FM-Index Reveals the Reverse Suffix Array

Jun 2020

FM-Index Reveals the Reverse Suffix Array

Informatics Institute faculty member Prof. Dr. Oğuzhan Külekçi's coauthored paper titled “FM-index reveals the reverse suffix array, A. Ganguly, D. Gibney, S. Hooshmand, M.O. Kulekci, S.V. Thankachan” has been accepted to CPM’2020 – 31th Annual Symposium on Combinatorial Pattern Matching.

This work has been partially supported by the research fund of Istanbul Technical University under project number MGA-2019-42224.

Abstract:
Given a text T[1,n] over an alphabet Σ of size σ, the suffix array of T stores the lexicographic order of the suffixes of T. The suffix array needs Θ(nlogn) bits of space compared to the nlogσ bits needed to store T itself. A major breakthrough [FM–Index, FOCS’00] in the last two decades has been encoding the suffix array in near-optimal number of bits (≈ log σ bits per character). One can decode a suffix array value using the FM-Index in logO(1) n time.
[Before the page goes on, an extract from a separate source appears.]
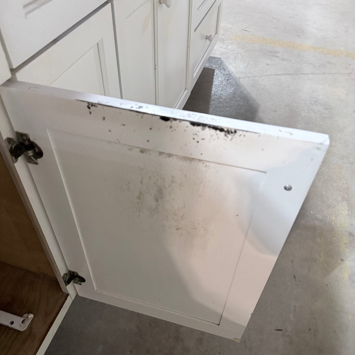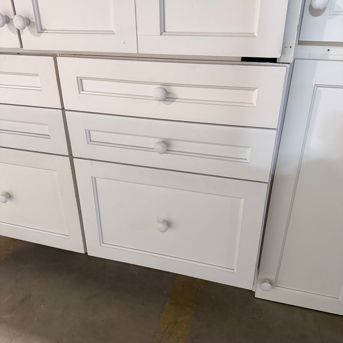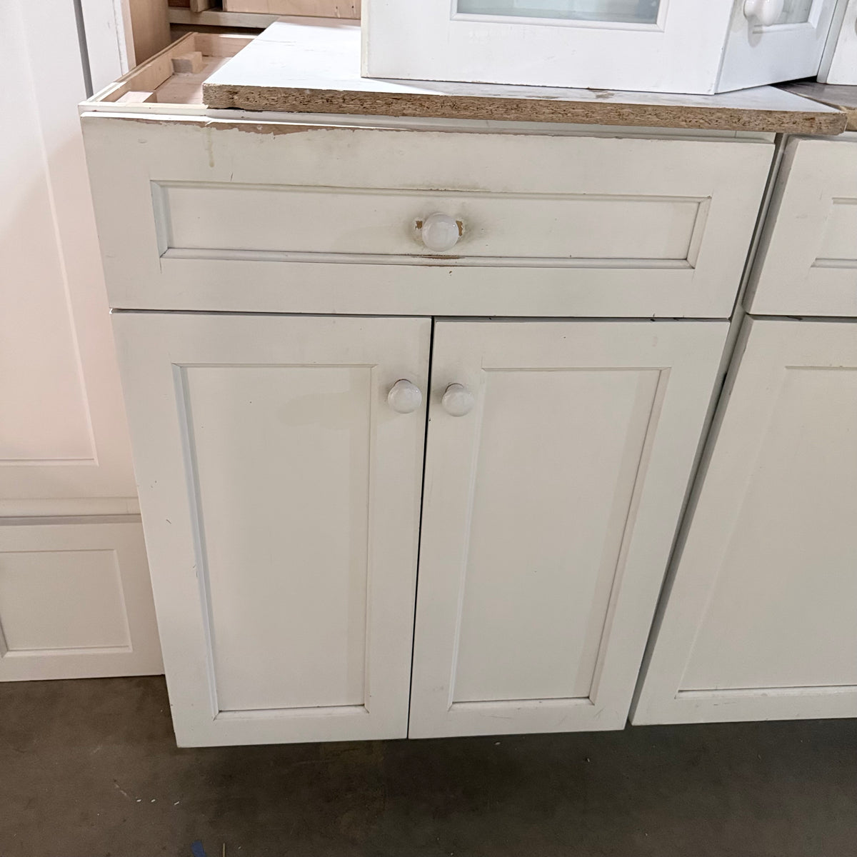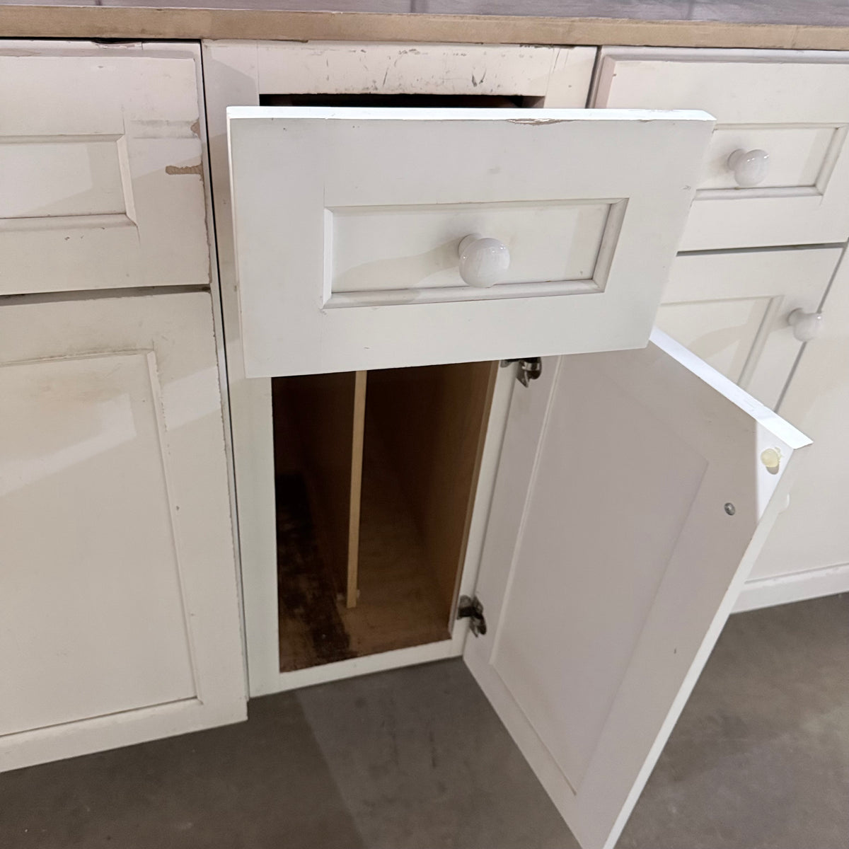 Please note, additional cleaning is recommended for this set. There is an extensive amount of general wear and overall chipping to the paint on this cabinet set (see photos).

We study an extension of the problem in which we have to also decode the suffix array values of the reverse text. This problem has numerous applications such as in approximate pattern matching [Lam et al., BIBM’ 09]. Known approaches maintain the FM–Index of both the forward and the reverse text which drives up the space occupancy to 2n log σ bits (plus lower order terms). This brings in the natural question of whether we can decode the suffix array values of both the forward and the reverse text, but by using n log σ bits (plus lower order terms). We answer this question positively, and show that given the FM–Index of the forward text, we can decode the suffix array value of the reverse text in near logarithmic average time. Additionally, our experimental results are competitive when compared to the standard approach of maintaining the FM–Index for both the forward and the reverse text. We believe that applications that require both the forward and reverse text will benefit from our approach.